そんな中、店員を呼んで飲み物と料理を注文して。


「あっ、そうそう。ルキ君これ」
「ん?」
「はい」
「んー?あっ!京さんのじゃん!まじサンキュー!」


持って帰って来た京君が載ってる雑誌を鞄の中から出して差し出すと。
ルキ君は嬉しそうに言って煙草を消して受け取った。

そのテンションはどう言う事だよコラ。


「あーマジ京さん格好良い。俺も対談の仕事させてくんねーかなー」
「…京君絶対無言で終わるよね」
「うっせーな。
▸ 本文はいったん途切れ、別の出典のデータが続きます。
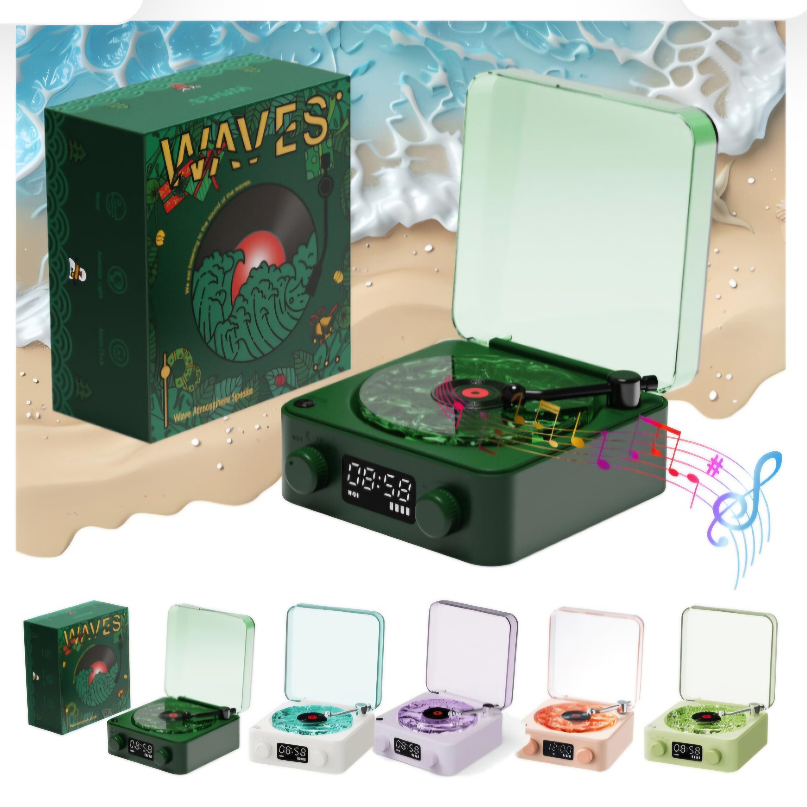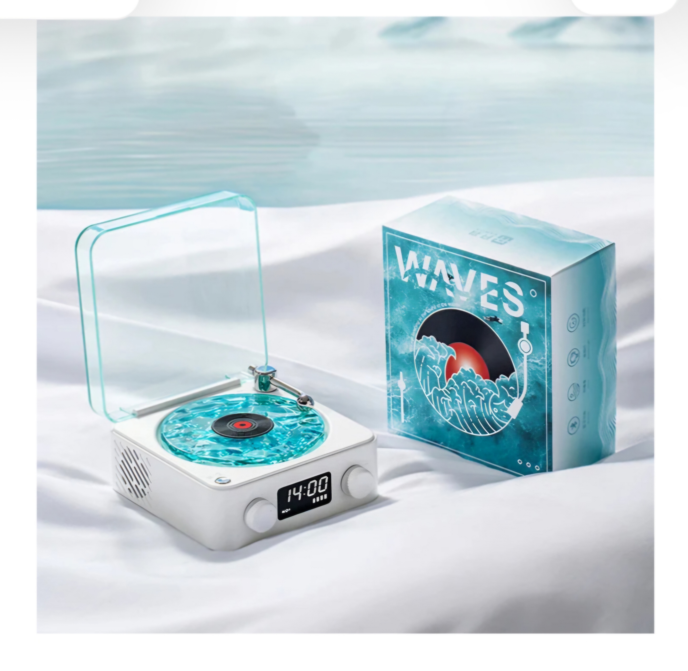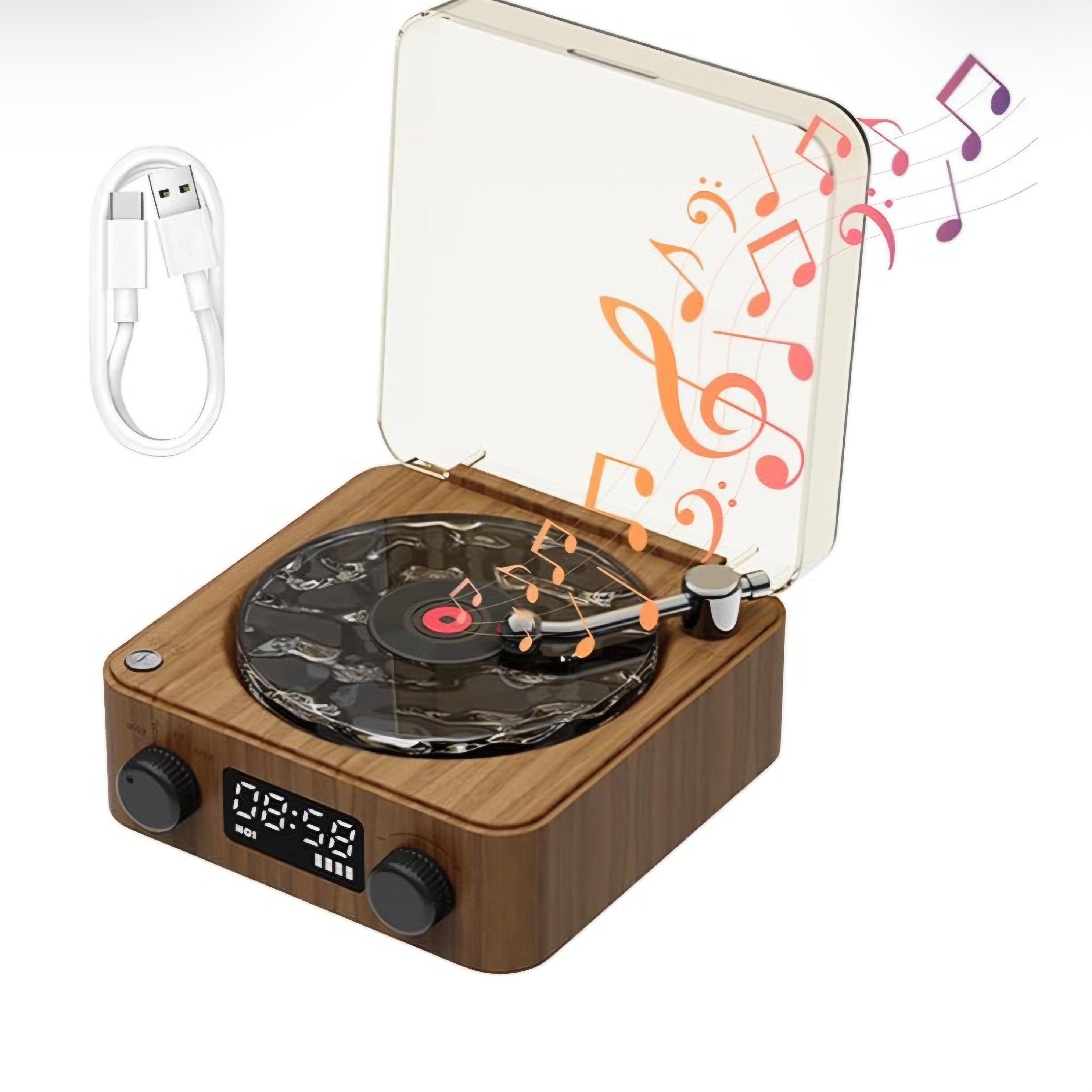 کیفیت فوق العاده. شارژی با کابل تایپ سی. قابلیت پخش موزیک از طریق بلوتوث AUX و مموری ، میکرو. دارای ساعت رومیزی. دارای نور پردازی در ۳ حالت مختلف رنگی + مود نور خاموش. دارای قابلیت چرخش دیسک رویی. اسپیکر بلوتوثی با کیفیت چراغ خواب شبیه ساز امواج دریا

夢見るぐらいはいいだろ」
「はいはい」


雑誌を受け取ったルキ君は、何ページかペラペラと捲る。
ま、いつもの事だけど。


ルキ君が嬉しそうに見んのを見るのは好きだからいいけど、何か複雑。
京君京君てさぁ。

京君の何処がいいのさ。


じっとルキ君を見てると、先に飲み物が運ばれて来て。
ルキ君は雑誌を置いて、こっちに向き直った。


「じゃ、敏弥さんお疲れー」
「お疲れ」


グラスを合わせて、一口。
喉渇いてたから、冷たいビールが美味しかった。


「ルキ君てそんなに京君が好き?」
「うん。尊敬してる」
「ふーん」
「後、俺が京さん京さん言ってる時の敏弥さんの顔が好き」
「は?」
「敏弥さん超可愛い。愛してる」
「何それ」
「あはは」
「バカじゃねーの」
「うん」


ちょっとその言葉の意味を理解して、嬉しいって思った俺も十分バカだよね。

何年も付き合ってんのに、こうしてサラッと言う事が新鮮で。
あぁ、俺も好きだなって自覚しちゃうんだね。